Feature Articles: Research and Development for Enabling the Remote World

Vol. 20, No. 11, pp. 40–45, Nov. 2022. https://doi.org/10.53829/ntr202211fa5

Emotional-perception-control Technology for Estimating and Leading Human Emotions

Rika Mochizuki, Motohiro Makiguchi,
Masahiro Kohjima, Masanori Yokoyama,
and Ryuji Yamamoto


The number of people who participate in live music and sporting events in remote environments has been increasing; however, participants must sacrifice the emotional experiences that can only be obtained on site, such as enthusiasm, a sense of unity, and contagious enthusiasm of the audience. Toward the creation of a world where people’s emotions are actively amplified and resonate even in remote environments, we introduce an emotional-perception-control technology for generating a personal virtual site where participants can experience the unique pleasures of virtual reality through estimating their emotional-expression characteristics and leading (guiding) their emotions based on these characteristics.

Keywords: emotion modeling, emotion leading, personal virtual site


1. Emotional-perception-control technology

Online participation in live music, sports, and other events is expected to become essential along with on-site participation as a means of easily gathering people from around the world without worrying about location or distance. Various efforts are being made to improve the sense of presence, such as increasing the resolution of live images, creating multiple viewpoints by arranging multiple cameras, and increasing the wide viewing angle by using 360-degree cameras. However, the emotional experiences that can only be experienced on site, such as enthusiasm, a sense of unity, and contagion of enthusiasm felt in stadiums and live venues, are being lost. Therefore, we aim to create a world in which people’s emotions are actively amplified and resonated even in remote environments by generating a personal virtual site optimized for each person’s unique way of enjoying themselves, such as feeling a sense of unity in conjunction with other spectators or being absorbed in a space alone, by estimating each person’s emotional expression characteristics and leading (guiding) their emotions based on these characteristics.

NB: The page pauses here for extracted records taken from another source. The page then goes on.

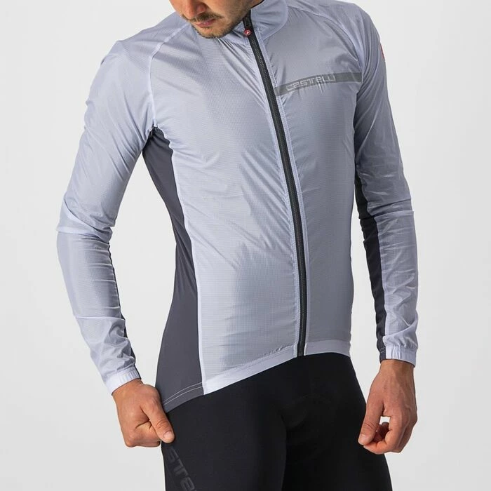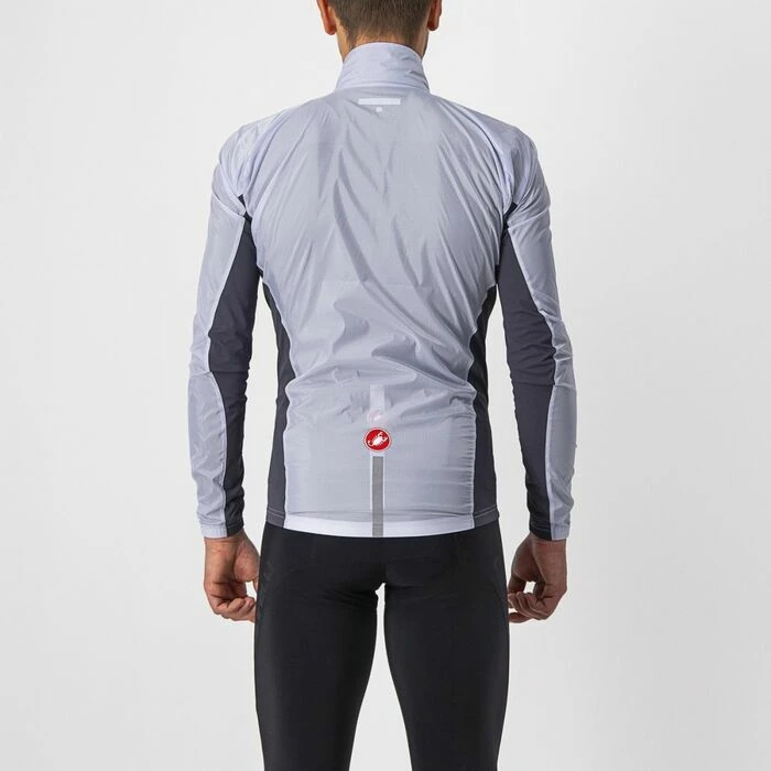 Il s’agit d’une version moderne de la veste shell coupe-vent, celle que vous gardez dans votre poche pour les longues descentes ou que vous enfilez pendant la première heure jusqu’à ce que la température se réchauffe. Cette veste était autrefois très simple : c’était un shell en nylon qui manquait d’élasticité et devait donc être coupé pour s’adapter à toutes les morphologies, à la fois sur et hors du vélo. Castelli à complètement repensé la veste shell et comment elle est construite. Ils ont ajouté des panneaux sur les côtés et les manches en tissu très extensible avec mailles serrées, ce qui permet de lui donner une coupe moderne près du corps pour gagner au niveau aérodynamique sur tous les terrains. Elle garde aussi davantage de chaleur qu’une veste qui flotte au vent et reste très compacte afin de pouvoir être rangée dans un minimum d’espace dans une poche de maillot. Ses panneaux extensibles ont reçu un traitement déperlant qui protège en cas de légers brouillards, mais attention, il ne s’agit pas d’une véritable veste de pluie.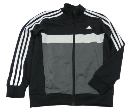 Černo-šedo-bílá sportovní propínací funkční mikina s pruhy Adidas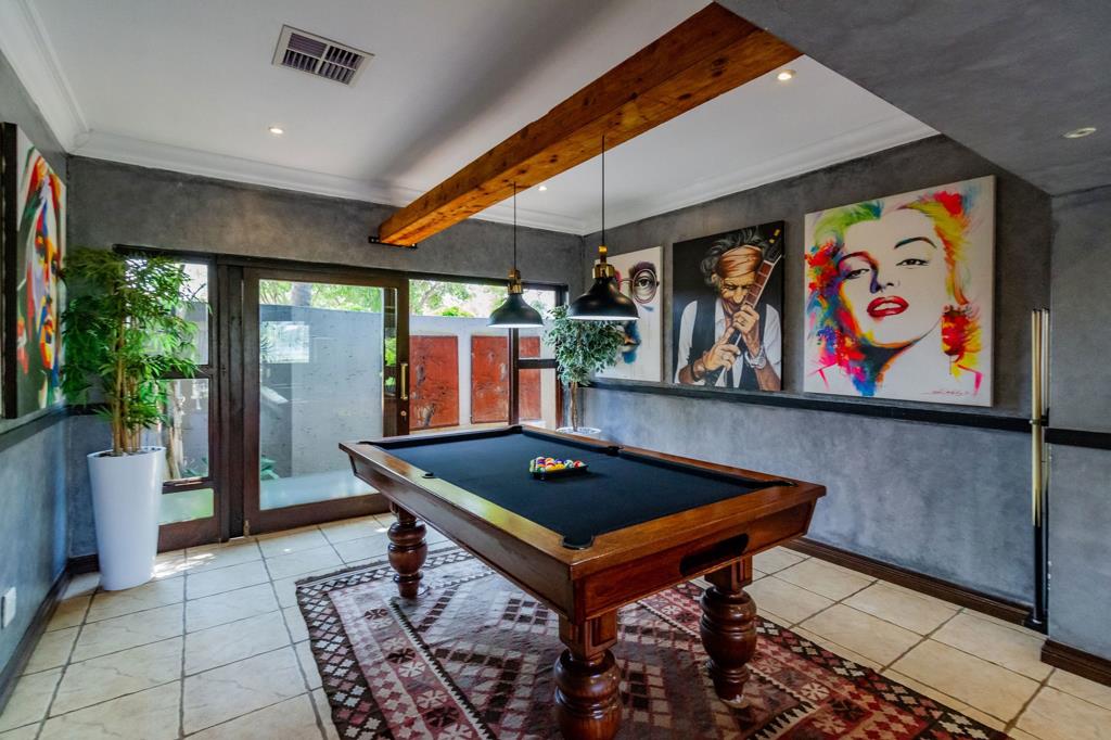 Fully Furnished Home. This turnkey, furnished home is ready for its next owner. It features 5 generous bedrooms and 4 bathrooms, all in one wing. Four bedrooms open straight onto the large garden for easy living. The open-plan living space keeps guests entertained, where you can shoot some pool, hang out at the bar, watch a movie by the cosy combustion fireplace, or cook together.

Emotional-perception-control technology leads to desirable emotions for users, such as enhancing enthusiasm and a sense of unity, through two core technologies: emotion estimation for estimating and understanding human emotional characteristics through sensing and data analysis and emotion leading for leading emotions through perceptual stimuli tailored to human emotional characteristics. By combining the estimation and leading of emotions including those of individuals, crowds, and interactions between the two, we can generate a personal virtual site for providing an optimal experience for each person (Fig. 1).

Fig. 1. Personal virtual sites generated with emotion-estimation and emotion-leading technologies.

Emotion-estimation technology is used to quantitatively understand and model the emotions of individuals and crowds on the basis of sensed biometric, image, sound, and content data. Emotion-leading technology is an interaction technology for inducing the same or even more emotions in a remote environment as in a local venue using knowledge of perception, cognitive psychology, and human-computer interaction. Emotion-estimation technology estimates and models the states of local and remote audiences and reflects them in the virtual audience, while emotion-leading technology optimizes the behavior of the virtual audience and the staging of the venue according to the characteristics and emotional state of each remote audience member, as shown in Fig. 1.

This article introduces an emotional-perception-control technology for generating a personal virtual live site (Fig. 2) for events such as concerts. By optimizing the presentation and interaction methods of the virtual audience for each remote audience member, the emotional experience is enhanced by perceptually enhancing the sense of unity and enthusiasm caused by the propagation and synchronization of cheering that occurs among audiences at different locations during live concerts.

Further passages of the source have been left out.